27 STRAIHAMMER UND SEIDENSCHWANN

1010 Wien, Grünangergasse 8/3

TEL.: +43 1 919 58 49 UND  +43 664 355 34 98

STRAIHAMMER-SEIDENSCHWANN.AT

DIENSTAG - FREITAG 13.00 - 18.00 UHR
SAMSTAG 11.00 - 15.00 UHR
 

Nach langjähriger beruflicher Auseinandersetzung mit zeit-genössischer Kunst widmen sich Dr. Roswitha Straihammer und Mag. Martin Seidenschwann dieser auch in ihrer eigenen Galerie. Die Galerie in einer der ältesten Straßen der Wiener Innenstadt  ist ein Ort der Kommunikation, ein Ort, der dem Besucher, dem Sammler und dem Kunstinteressierten das Kennenlernen von Künstlern und persönliche Begegnungen mit diesen ermöglicht. Sie bildet den Raum für den ästhetischen Augenblick, für das Wechselspiel zwischen dem Betrachter und dem Werk, das diesem neue Eindrücke und Blickwinkel eröffnet. 

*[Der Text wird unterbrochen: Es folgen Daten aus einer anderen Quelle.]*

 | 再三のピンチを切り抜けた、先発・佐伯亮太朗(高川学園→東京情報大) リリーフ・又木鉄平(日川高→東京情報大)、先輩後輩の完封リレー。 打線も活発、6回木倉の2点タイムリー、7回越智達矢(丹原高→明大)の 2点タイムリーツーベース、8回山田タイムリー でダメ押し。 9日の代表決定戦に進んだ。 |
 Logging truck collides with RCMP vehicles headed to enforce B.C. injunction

Die Galerie Straihammer und Seidenschwann ist aber auch ein Diskursraum. In der Serie Gespräche am Kamin werden nicht nur der heterogene Kunstbegriff sondern auch gesellschafts-politische, wirtschaftliche und philosophische Themen diskutiert. Zentrale Themen der Präsentationen sind skulpturale Arbeiten, in der Ausstellungsreihe Kunst im Kabinett ergänzt durch Zeichnung, Fotografie und Malerei, bei denen das Spiel mit Räumlichkeit im Vordergrund steht. Im Umgang mit zeitgenössischer Kunst stehen die Begriffe Subjektivität –  Emotion –  Leidenschaft an erster Stelle. Das heißt für die Galeristen immer wieder der Neugier zu folgen und den Mut zu neuen Erfahrungen zu haben. 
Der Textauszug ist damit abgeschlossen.